I had the same reaction, but after digging a little deeper on their site (hurah Google) I did turn up a explanation, and guess what? They're just a shorthand for a sub-ring of the matricies.
-- MarkusQ
Actually, every time you write a proof and somewhere along the way, you switch the order of the operands for some addition or multiplication, you are using commutivity. So a whole fucking lot of proofs end up using it, even if they don't specify it directly. Same for associativity.
Nor are these "trivial" uses, either; if you couldn't use commutivity as part of the equation re-writing process, many very common transforms become impossible... even the simple act of dividing "3x+2" out of an equation becomes difficult to set up if you can't re-order anything. (Remember that if you have x * 3 and you don't know multiplication is communitive, you can't rewrite that as 3*x, and thus you couldn't use that as part of 3x+2.)
In fact one would be hard pressed to find a non-trivial proof where commutivity isn't used implicitly, and you may find it very challenging (possibly even beyond your skill or downright impossible) to correctly re-write the proof without using commutivity.
(I speak in this post of "traditional" math, such as a normal person sees in school, somewhere up through low-level Calc. As others have pointed out, as you get higher into math, you encounter number and symbol systems where communitivity does not always hold. You typically meet one, "Matrix Math", in high school.)
I tend to doubt the math, or any other intellectual activity, of anyone who can make a statement like, "..steel replaced bronze as the ingredient for making swords during the Renaissance."
Like airplanes replaced horses after the Viet Nam war, no doubt.

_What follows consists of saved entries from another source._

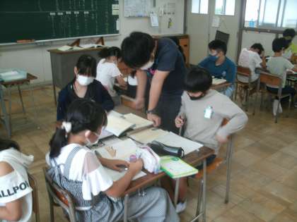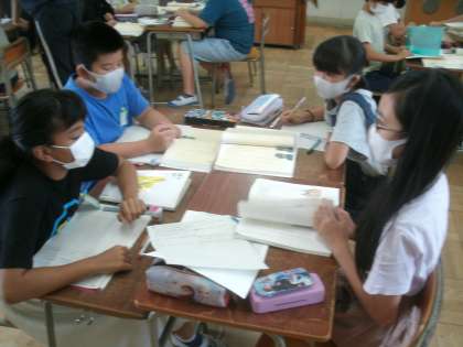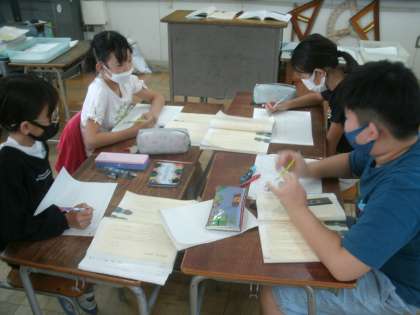 国語科学習の様子です。教材文は皆さんもよくご存じの宮沢賢治「注文の多い料理店」です。グループに分かれて意見交換をしながら、この話に出てくる二人の紳士の人物像を読み取っていきます。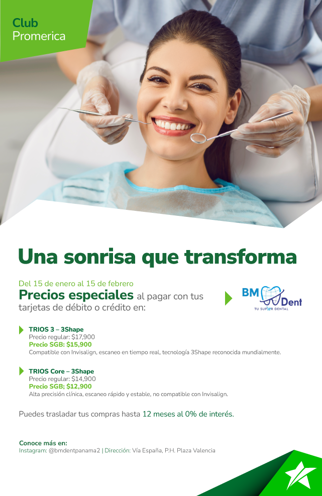 Promoción válida del 15 de enero al 15 de febrero de 2026. Recibe precios especiales al pagar tu TRIOS 3 – 3Shape y TRIOS Core – 3Shape con tus tarjetas débito o crédito de St. Georges Bank. No aplica con otras promociones o descuentos. No participan tarjetas de crédito regionales ni corporativas. Solicita el beneficio de traslado a Cuotas Promerica hasta 12 meses al 0% de interés directo en el punto de venta (POS) de El Banco. El cliente debe realizar el pago de la cuota en la fecha indicada para mantener la tasa preferencial, adicional al pago mínimo correspondiente. La compra mínima para traslado a Cuotas es de $50.00. Cuotas Promerica va ligado al límite de crédito del cliente, no es un extrafinanciamiento. Aplica cargo por póliza de deuda sobre saldo. El Banco se reserva el derecho de modificar características y beneficios ofertados en este arte. La responsabilidad del Banco se limita exclusivamente a aspectos propios del crédito otorgado a través de la Tarjeta de Crédito y no por los productos o servicios adquiridos mediante el uso de la tarjeta. Conoce más en www.clubpromerica.com/panama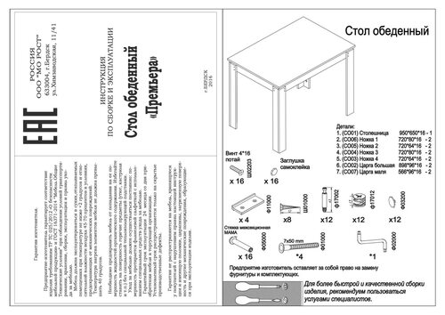 Начните сборку с основы стола, следуя подробной схеме сборки. Затягивайте крепежные элементы согласно инструкции, чтобы обеспечить надежную конструкцию.

Commutative Hypercomplex Numbers sounds kind like my last girlfriend who was a Commuter Hypercomplex Babe. Man, she would drive like a bat out of hell, zooming around and swerving like a racecar driver. And talk about wacked! She was so complex most of the time she didn't even know what her feelings were, let alone me! Man, you try to please a hyper chick like that! It's like a giant probability problem (whoops, wrong math). You got a finite chance of figuring her out, but it's pretty low.

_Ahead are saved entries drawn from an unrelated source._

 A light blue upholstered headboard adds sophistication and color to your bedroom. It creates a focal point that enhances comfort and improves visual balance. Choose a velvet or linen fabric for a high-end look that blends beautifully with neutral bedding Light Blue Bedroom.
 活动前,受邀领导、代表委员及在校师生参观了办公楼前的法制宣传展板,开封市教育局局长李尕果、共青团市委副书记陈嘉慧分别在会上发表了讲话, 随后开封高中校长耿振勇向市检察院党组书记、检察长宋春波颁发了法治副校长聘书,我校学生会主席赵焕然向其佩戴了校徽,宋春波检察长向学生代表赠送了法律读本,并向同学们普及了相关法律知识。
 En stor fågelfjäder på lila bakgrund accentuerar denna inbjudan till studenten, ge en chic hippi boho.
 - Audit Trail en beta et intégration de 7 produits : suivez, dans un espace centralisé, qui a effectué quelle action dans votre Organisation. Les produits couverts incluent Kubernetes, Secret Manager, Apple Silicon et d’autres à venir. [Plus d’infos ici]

looks like bullshit to me.
For starters, the change from bronze to steel was so huge, in terms of technological consequences, that any analogy in mathematics has to be something as novel, powerful, and versatile as "calculus". Furthermore, any bronze sword in the Renaissance would have been centuries out of date; iron and steel had been available in those parts for a long time.
Did they invent anything nearly as important as calculus? Not likely. Did they understand history well enough to properly state their analogy even if their invention is that important? No.
I guess nothing livens up a press release like a heaping helping of hubris. Credibility, meet toilet.
With reasonable men I will reason; with humane men I will plead; but to tyrants I will give no quarter. -- William Lloyd
I find noncommutative hypercomplex algebras much more interesting, anyway. Quaternions, for example, look very,very,very like spacetime expressed in the Ilya Prigogine (sp?) manner (complexify space, time real). And quaternions are the biggest hypercomplex group to support a division ring - I think there's some deep connection there: Visible universe: (3+1 dimensional), biggest dimensional numbering system that you can use division consistently in: (3+1 dimensional).
I think I'm getting a geek woody...
For the computational I'd expect to see the one and for the mathematical I'd expect to see the other.
Worse yet, there's mention of a patent. On the MATLAB toolbox, I'd expect. Certainly not on the mathematics, since that is not allowed in US Patents (I'm carefully hiding any laughter at the thought of something being patented that should not be).
On the plus side the russian side (see above) does seem to have some math and that doesn't look (at first glimpse) to be the kind of junk thats often generated like this.